ALL VALUES BELOW ARE DATA_TYPE_2 AND DATA_TYPE_1, RESPECTIVELY
1 2
3 4
5 6
7 8

data_type_1 values = 2, 4, 6, and 8

data_type_2 values = 1, 3, 5, and 7

The approach

Essentially, I look at a given line and use regular expressions to identify DATA_TYPE_1 and DATA_TYPE_2. If both are present, I want to know what order they are in. I want to clean up some of the logic statements if possible of the following function determine_data_type:

edit: did not realize I should include the regexes -- for explaining what I am trying to so I referred to the two keywords I am looking for as data_type_1 and data_type_2 but they are actually achiral and chiral; I've included the regexes below

import re
REGEX_1 = re.compile(r'(?i)(\bachiral\b)')
REGEX_2 = re.compile(r'(?i)(\bchiral\b)')
def determine_data_type(text, type_array):
 '''
 Determines which keywords are present in a given string
 Parameters:
 text: str
 Line of text to examine for DATA_TYPE_1 and DATA_TYPE_2
 type_array: List[bool]
 Initial type of data 
 Returns:
 type_array: List[bool]
 Updated type_array
 A list of bools: [type_1, type_2, both_types]
 If only type_1 is present: [True, False, False] 
 If only type_2 is present: [False, True, False]
 If type_1 and type_2 appear: [True, False, True] or [False, True, True] 
 depending on which appears first
 '''
 type_1, type_2, both_types = type_array
 # only see if data type needs updating if 
 # (1) haven't found data type keywords yet or
 # (2) I expect the data type to switch from 1 to 2 or vice versa
 if not both_types:
 if not type_1 and not type_2:
 if re.search(REGEX_1, text):
 type_1 = True
 if re.search(REGEX_2, text):
 type_2 = True
 if type_1 and type_2:
 both_types = True
 # get the positions of both words
 type_1_pos = re.search(REGEX_1, text).start()
 type_2_pos = re.search(REGEX_2, text).start()
 if type_1_pos > type_2_pos:
 # type_1 is not first
 type_1 = False
 else:
 type_2 = False
 elif type_1 and not type_2:
 if re.search(REGEX_2, text):
 type_2 = True
 if not re.search(REGEX_1, text):
 type_1 = False
 else:
 both_types = True
 elif type_2 and not type_1:
 if re.search(REGEX_1, text):
 type_1 = True
 if not re.search(REGEX_2, text):
 type_1 = False
 else:
 both_types = True
 return type_array
if __name__ == '__main__':
 text = ["blah, blah blah", 
 "OTHER COLUMN HEADER achiral chiral", 
 "blah blah blah"]
 # at first we don't know what type of data we are looking at
 data_type = [False, False, False] # [type_1, type_2, both_types]
 for line in text:
 data_type = determine_data_type(line, data_type)
 print(data_type) #[True, False, True]

Advice needed

As you can see, I repeat a lot of the code above - like when I search twice for both type_1 and type_2 in order to get the position of each word when they appear on the same line. Also, in the cases where only type_1 is True or only type_2 is True, I was trying to think of a way to only search for the "Falsey" one, and if it's found, quickly check if the "Truthy" one happens to be there as well

I am using Python 3.6

Question 2

What version of Python are you using? Add the "Python-2.x" or "Python-3.x" tag to your question. But also, please tell us what the exact version is: 2.7, 3.4, 3.8

Question 3

regex_1 and regex_2 are not included in your code. You are also missing the import re which you must be using. Include your entire code or your question may be put on hold.

Question 4

@AJNeufeld thanks, updated with all relevant information (including that I am using Python 3.6)

Question 5

Data Representation

I think [False, True, True] is a very confusing representation of both data types in "reverse" order. Let's revisit that.

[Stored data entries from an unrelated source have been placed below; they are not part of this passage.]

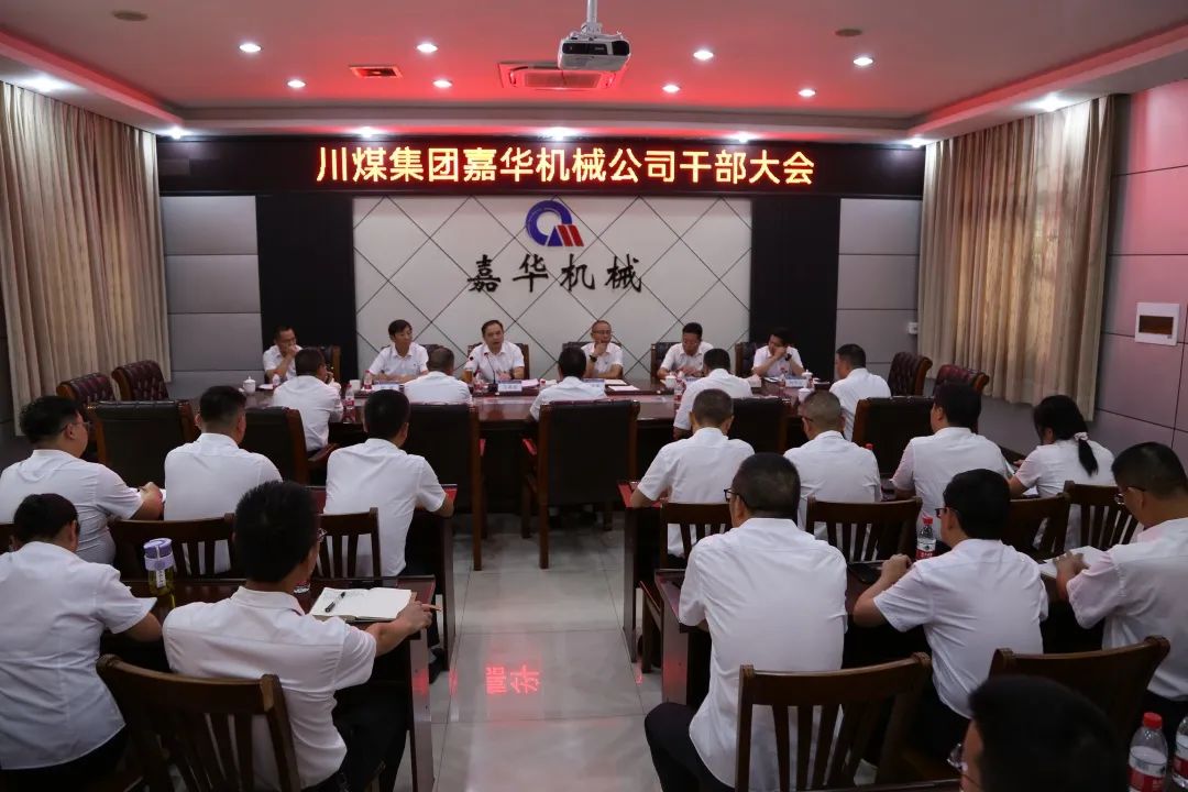 8月24日,嘉华机械公司召开干部大会,宣布集团党委在嘉华机械公司提级管理过渡期内负责人的决定。川煤集团党委书记、董事长王昌润出席会议并讲话。集团副总工程师,华荣公司党委副书记、副董事长、总经理奚光荣(主持华荣公司党委会、董事会全面工作)出席会议,川煤集团党群人事部负责人主持会议并宣布集团党委决定。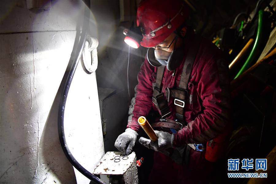 11月26日,在上灣煤礦12402綜采面內,工作人員準備更換液壓支架上的零部件密封圈。 新華社記者 邵瑞 攝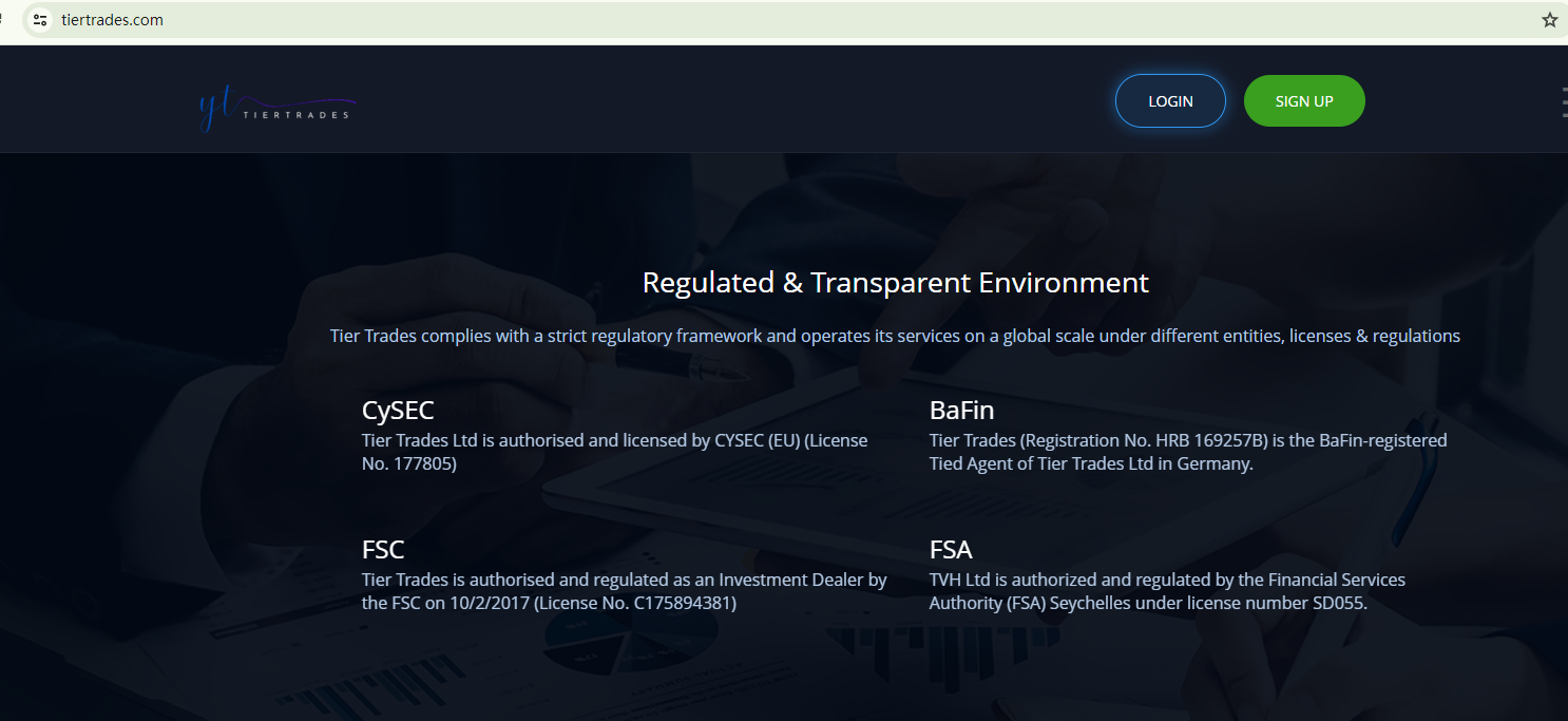 TIER TRADES, a self-proclaimed regulated and reliable forex broker, has been found to be quite the opposite upon investigation.The company's website lists four license numbers from various financial regulators, seemingly to establish its legitimacy. These include No. 177805 from the Cyprus Securities and Exchange Commission (CySEC), No. HRB 169257B from the Federal Financial Supervisory Authority (BaFin), No. C175894381 from the Mauritius Financial Services Commission (Mauritius FSC), and the SD055 from the Financial Services Authority of Seychelles (FSA Seychelles). The first three licenses are purportedly linked to Tier Trades Ltd, while the last one is associated with TVH Ltd, a company for which TIER TRADES does not provide any information to substantiate a connection. However, our comprehensive verification process has revealed that all these licensing details are baseless, indicating that TIER TRADES is employing deceptive tactics to lure unsuspecting investors.Furthermore, TIER TRADES asserts that it is based in the UK, where it would need to be authorized by the Financial Conduct Authority (FCA) to operate as a legitimate broker. Yet, it lacks such authorization, and the FCA has even flagged it as an unauthorized firm.In summary, TIER TRADES is not under the regulation of any governing body, making it a highly risky choice for investors due to the absence of legal protections for their funds. Therefore, it is prudent to conclude that TIER TRADES seems to be a scam. Proceed with caution.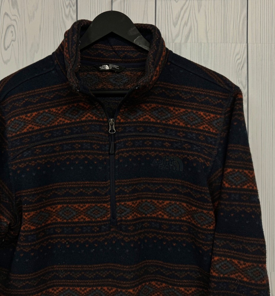 This North Face quarter-zip fleece is amazing! The Aztec print looks sharp, and the blue color pops just right. It's super cozy, fits perfectly (true to size), and arrived super fast with tracking. Super happy with the purchase—great quality and style!
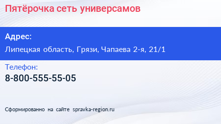 Пятёрочка, сеть универсамов по адресу Липецкая область, Грязи, Чапаева 2-я, 21/1 в дальнейшем Организация, размещена в следующих категориях: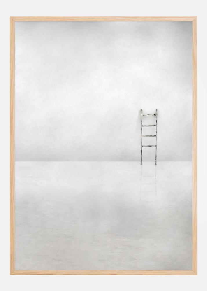 Един минималистичен постер с стълба, която се опира на бял фон. Тази самотна стълба, наречена социалната стълба, също е поставена на бял под. И стената, и подът са в същите бели и сиви тонове, което прави стълбата ясно очертана в по-тъмни тонове. Забавлявайте се, опитвайки се да интерпретирате значението на това изображение.

You have 2 types, and a line which may contain none, one, or both types.

types = {'DATA_TYPE_1', 'DATA_TYPE_2'}
line = "ALL VALUES BELOW ARE DATA_TYPE_2 AND DATA_TYPE_1, RESPECTIVELY";

Let's use a regex that will split the line up into individual words.

import re
word_re = re.compile(r'\w+')

Now, what we want to do is extract all the words from the line, keeping only the ones that represent the types we are looking for, keeping the words in the order they were in the line:

order = [word for word in word_re.findall(line) if word in types]
>>> order
['DATA_TYPE_2', 'DATA_TYPE_1']

Or, with your updated question, it looks like there aren't commas or other punctuation to get in the way of a simple line.split(), so we can omit the regular expression:

types = {"achiral", "chiral"}
line = "OTHER COLUMN HEADER achiral chiral"
order = [word for word in line.split() if word in types]
>>> order
['achiral', 'chiral']

If you produced this, it is quite clear what the field order is. If you also maintained a list of all the types which have been found, adding new types as they are found, when the list size reaches the number of types (2) then you've encountered all (both) of the types.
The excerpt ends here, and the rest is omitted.